## EXCERPTED RECORDS
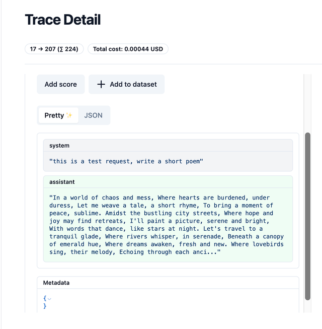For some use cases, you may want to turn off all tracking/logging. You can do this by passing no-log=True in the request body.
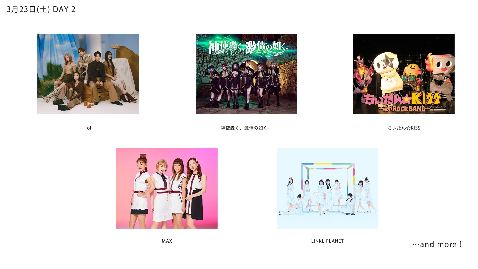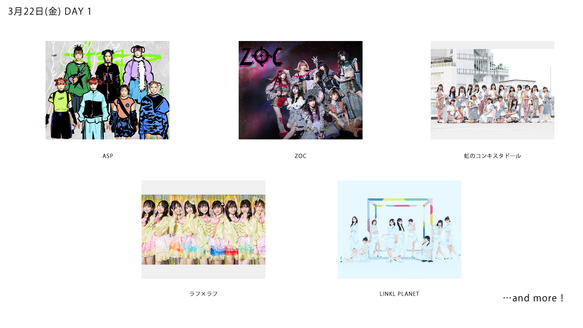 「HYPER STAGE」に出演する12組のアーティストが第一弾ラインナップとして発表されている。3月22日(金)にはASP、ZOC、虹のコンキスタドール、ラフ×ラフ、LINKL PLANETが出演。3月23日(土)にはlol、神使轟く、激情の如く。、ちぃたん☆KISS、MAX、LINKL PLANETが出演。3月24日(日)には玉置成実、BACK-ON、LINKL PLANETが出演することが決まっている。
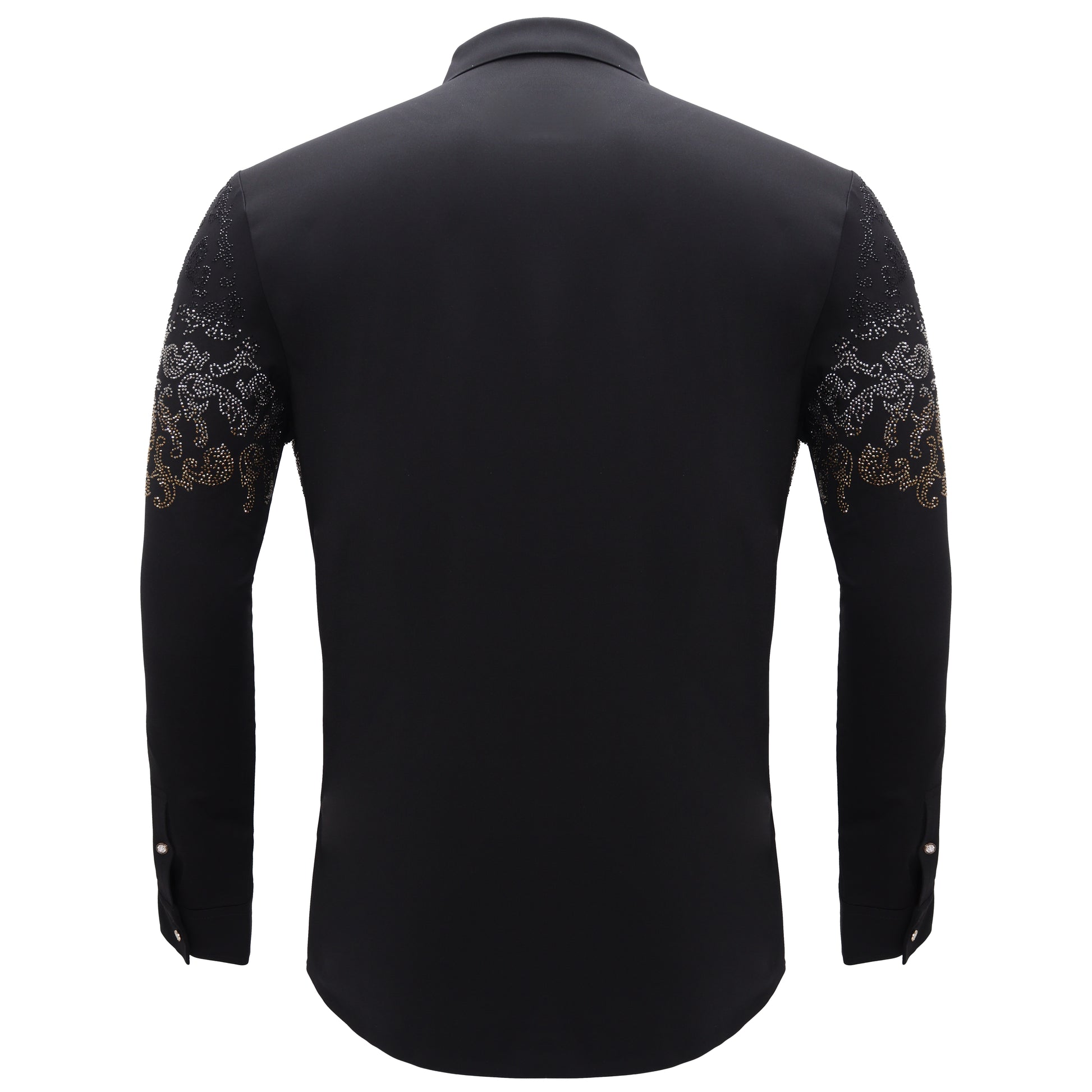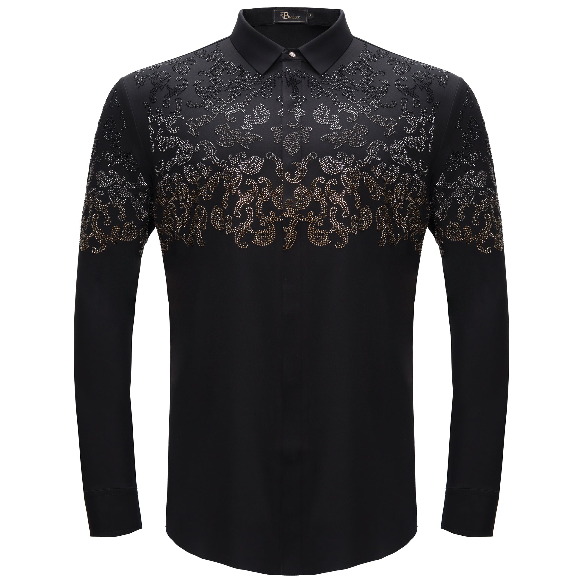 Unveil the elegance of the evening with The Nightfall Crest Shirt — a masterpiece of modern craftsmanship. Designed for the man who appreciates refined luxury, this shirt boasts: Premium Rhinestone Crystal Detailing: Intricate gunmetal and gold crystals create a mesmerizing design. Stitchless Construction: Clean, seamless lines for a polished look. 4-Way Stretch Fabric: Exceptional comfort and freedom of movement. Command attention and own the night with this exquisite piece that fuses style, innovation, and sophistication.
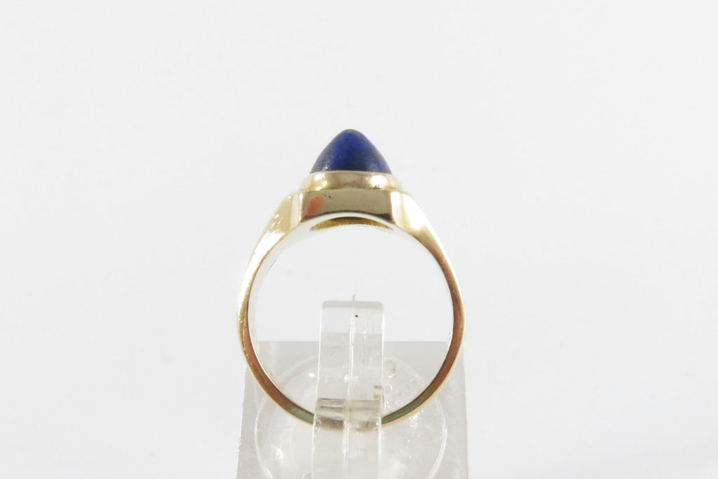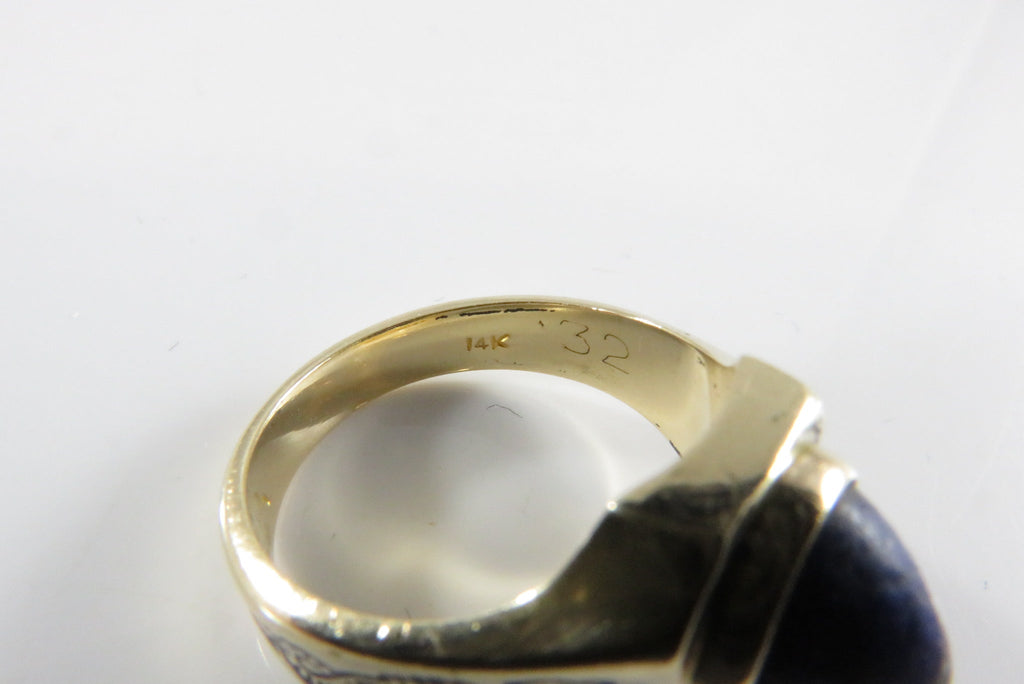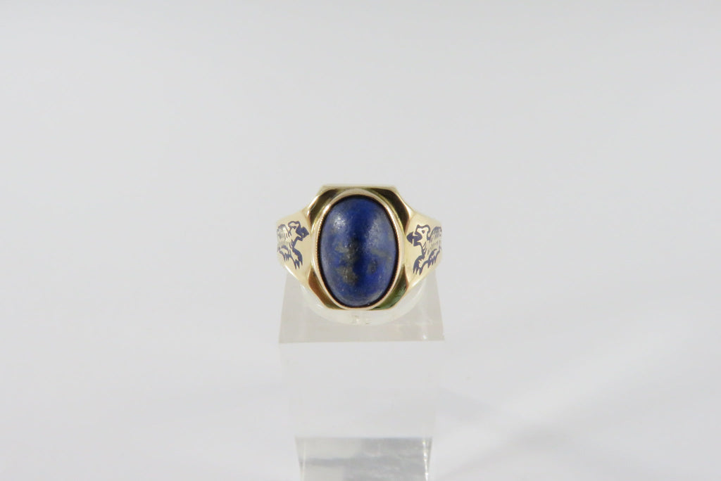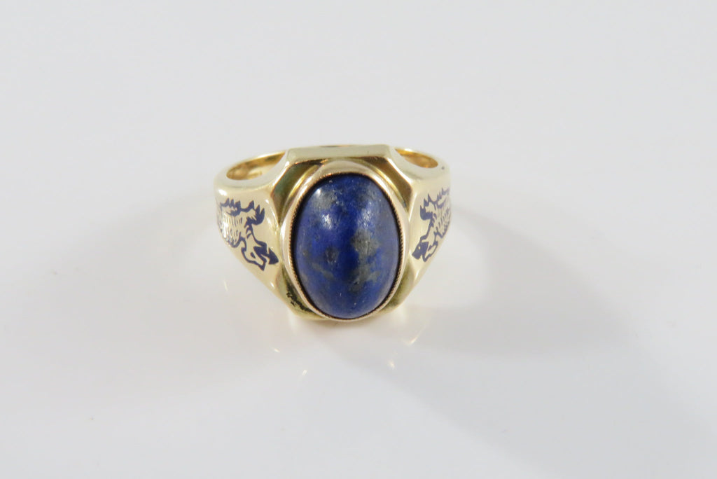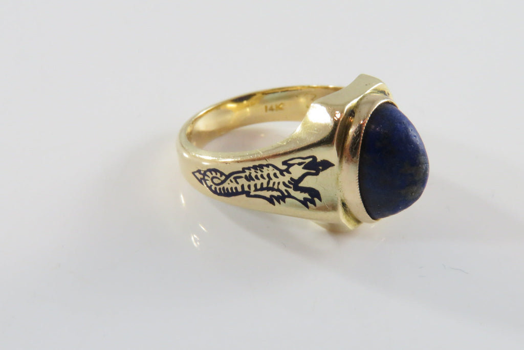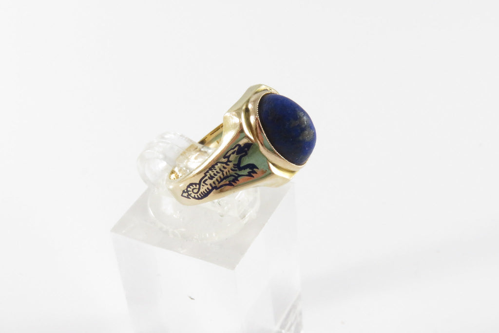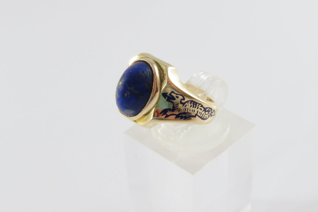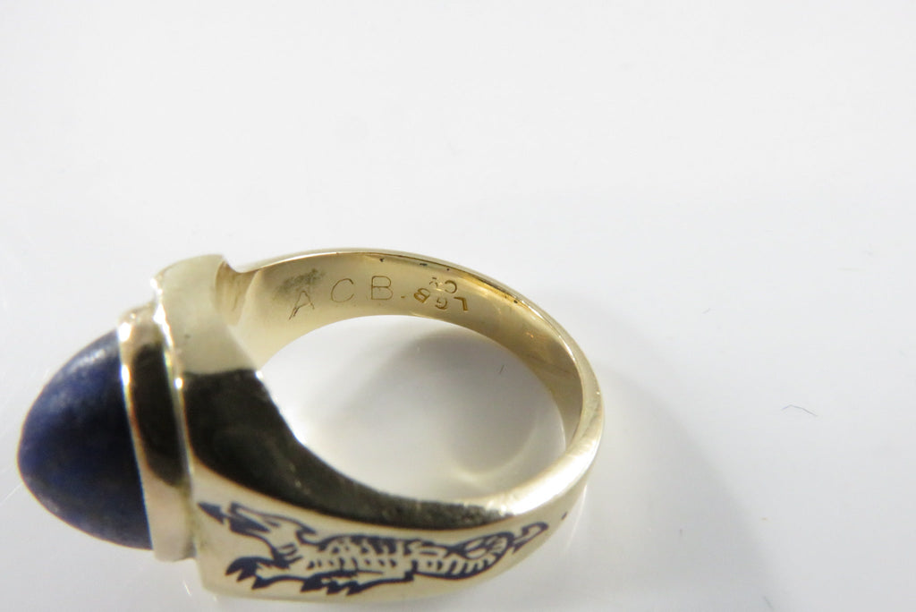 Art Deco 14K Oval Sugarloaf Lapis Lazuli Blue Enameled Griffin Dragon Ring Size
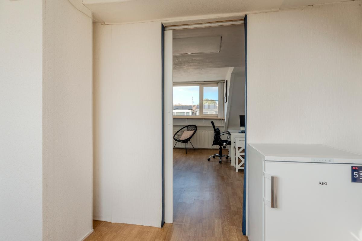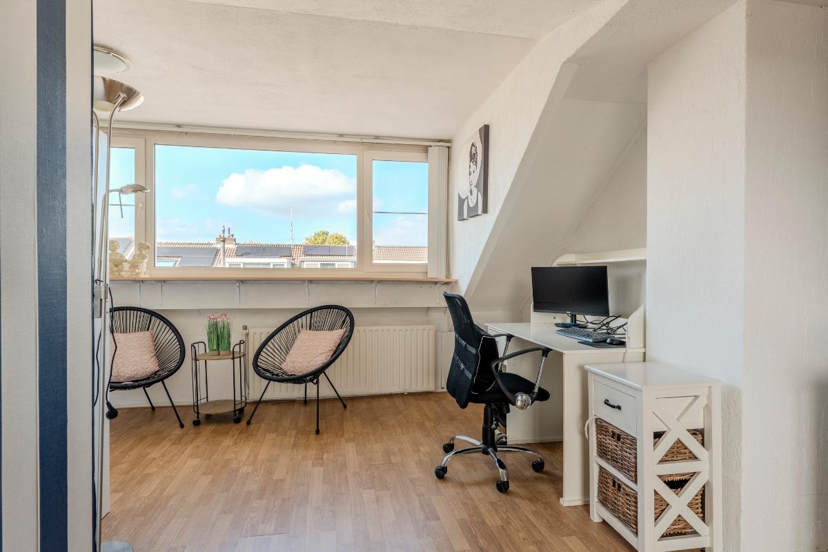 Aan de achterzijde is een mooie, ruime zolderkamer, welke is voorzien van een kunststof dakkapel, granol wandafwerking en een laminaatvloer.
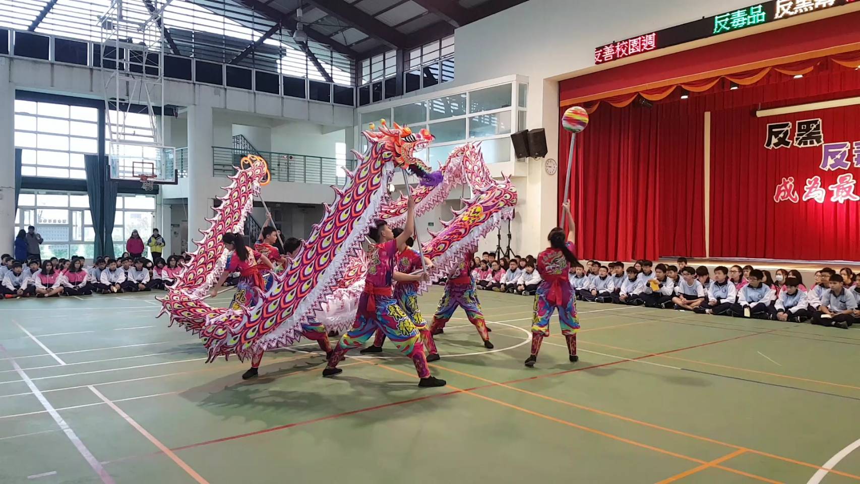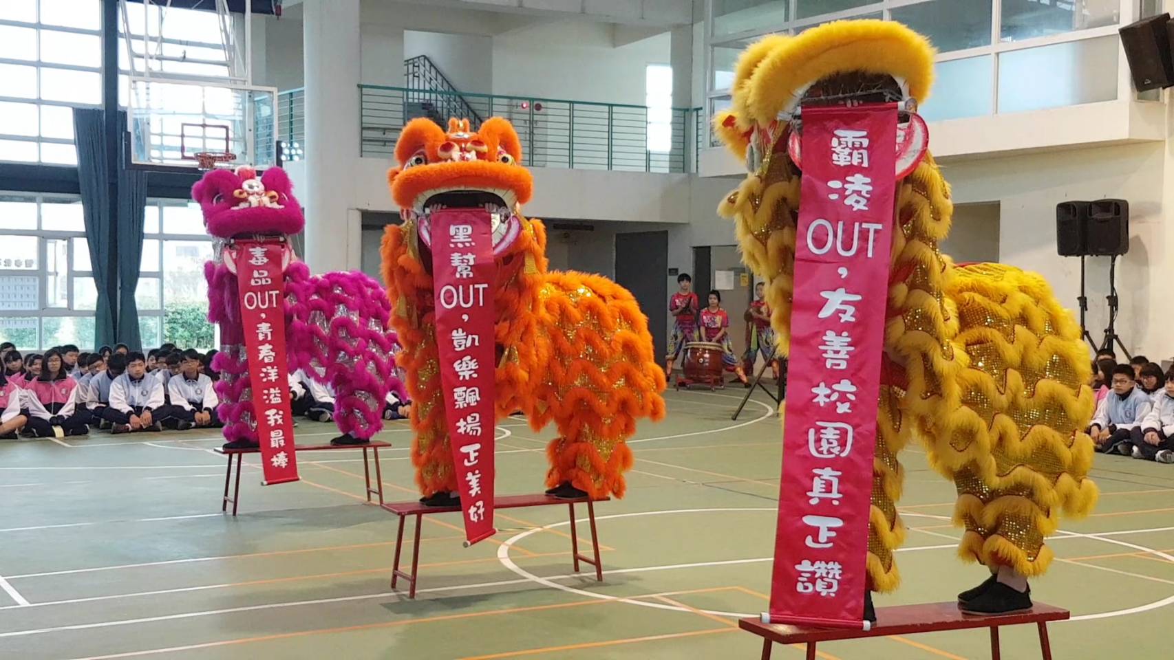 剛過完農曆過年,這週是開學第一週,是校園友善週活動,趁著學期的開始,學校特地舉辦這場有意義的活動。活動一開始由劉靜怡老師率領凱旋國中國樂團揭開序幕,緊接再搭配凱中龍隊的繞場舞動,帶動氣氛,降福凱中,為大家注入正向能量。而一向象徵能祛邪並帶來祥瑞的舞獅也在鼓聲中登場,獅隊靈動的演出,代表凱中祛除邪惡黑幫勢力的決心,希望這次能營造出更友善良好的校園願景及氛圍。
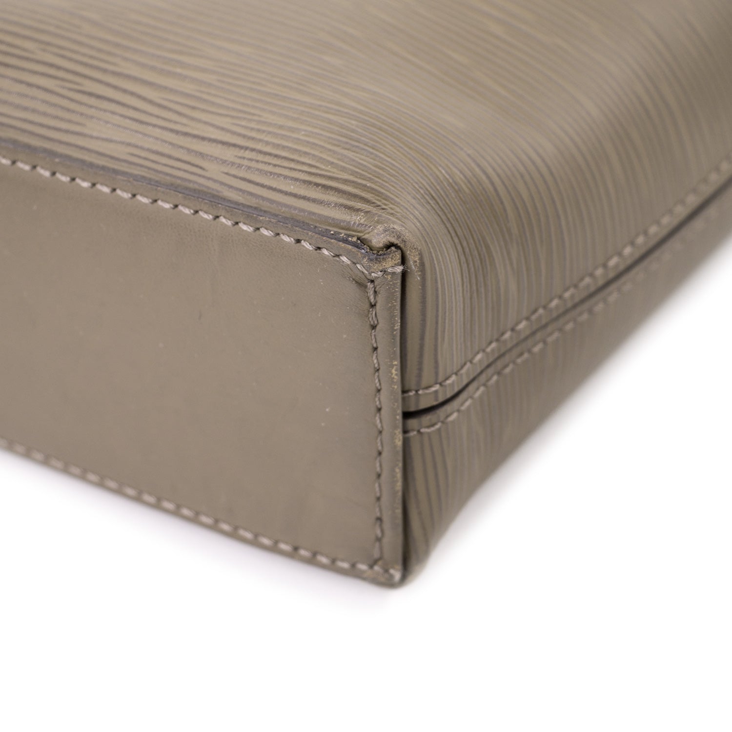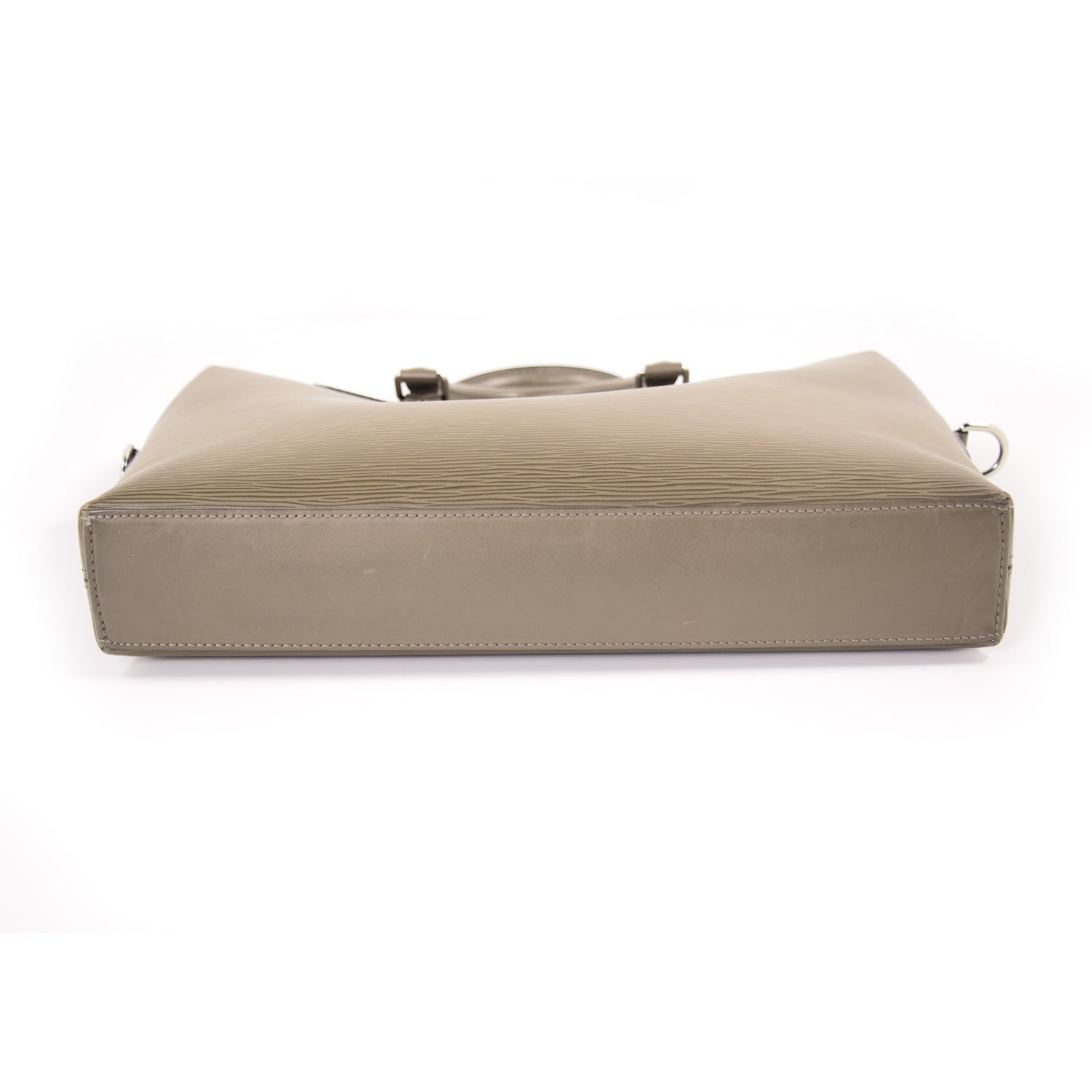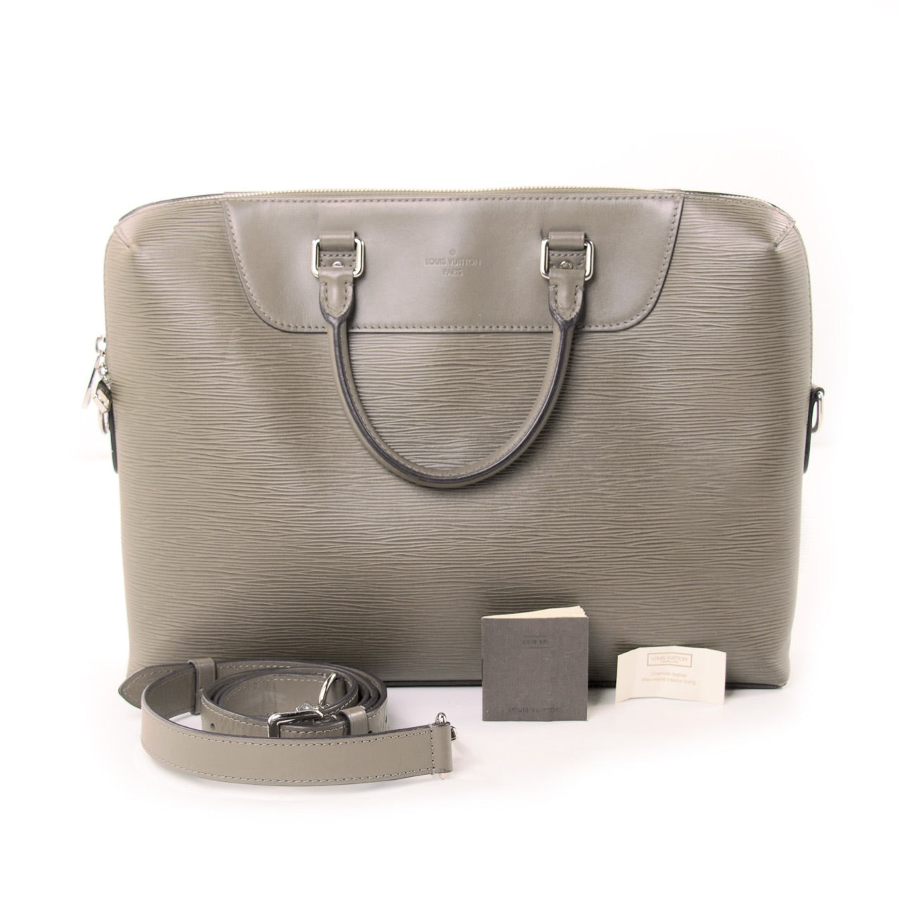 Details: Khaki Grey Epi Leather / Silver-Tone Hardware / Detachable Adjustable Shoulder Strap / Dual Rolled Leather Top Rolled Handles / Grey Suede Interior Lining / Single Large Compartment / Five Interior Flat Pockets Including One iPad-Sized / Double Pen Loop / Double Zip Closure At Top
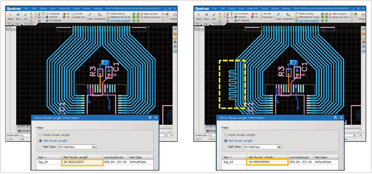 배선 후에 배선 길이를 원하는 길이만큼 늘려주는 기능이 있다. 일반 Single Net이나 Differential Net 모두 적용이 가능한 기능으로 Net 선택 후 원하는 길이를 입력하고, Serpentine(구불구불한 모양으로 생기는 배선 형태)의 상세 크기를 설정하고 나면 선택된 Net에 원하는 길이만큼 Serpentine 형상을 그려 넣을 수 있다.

## REQUIREMENT
Skip the pictures, please, and transcribe only the lines from the beginning of the material through the one that contains "Details: Khaki Grey".

## COMPLETED EXERCISE
For some use cases, you may want to turn off all tracking/logging. You can do this by passing no-log=True in the request body.
 「HYPER STAGE」に出演する12組のアーティストが第一弾ラインナップとして発表されている。3月22日(金)にはASP、ZOC、虹のコンキスタドール、ラフ×ラフ、LINKL PLANETが出演。3月23日(土)にはlol、神使轟く、激情の如く。、ちぃたん☆KISS、MAX、LINKL PLANETが出演。3月24日(日)には玉置成実、BACK-ON、LINKL PLANETが出演することが決まっている。
 Unveil the elegance of the evening with The Nightfall Crest Shirt — a masterpiece of modern craftsmanship. Designed for the man who appreciates refined luxury, this shirt boasts: Premium Rhinestone Crystal Detailing: Intricate gunmetal and gold crystals create a mesmerizing design. Stitchless Construction: Clean, seamless lines for a polished look. 4-Way Stretch Fabric: Exceptional comfort and freedom of movement. Command attention and own the night with this exquisite piece that fuses style, innovation, and sophistication.
 Art Deco 14K Oval Sugarloaf Lapis Lazuli Blue Enameled Griffin Dragon Ring Size
 Aan de achterzijde is een mooie, ruime zolderkamer, welke is voorzien van een kunststof dakkapel, granol wandafwerking en een laminaatvloer.
 剛過完農曆過年,這週是開學第一週,是校園友善週活動,趁著學期的開始,學校特地舉辦這場有意義的活動。活動一開始由劉靜怡老師率領凱旋國中國樂團揭開序幕,緊接再搭配凱中龍隊的繞場舞動,帶動氣氛,降福凱中,為大家注入正向能量。而一向象徵能祛邪並帶來祥瑞的舞獅也在鼓聲中登場,獅隊靈動的演出,代表凱中祛除邪惡黑幫勢力的決心,希望這次能營造出更友善良好的校園願景及氛圍。
 Details: Khaki Grey Epi Leather / Silver-Tone Hardware / Detachable Adjustable Shoulder Strap / Dual Rolled Leather Top Rolled Handles / Grey Suede Interior Lining / Single Large Compartment / Five Interior Flat Pockets Including One iPad-Sized / Double Pen Loop / Double Zip Closure At Top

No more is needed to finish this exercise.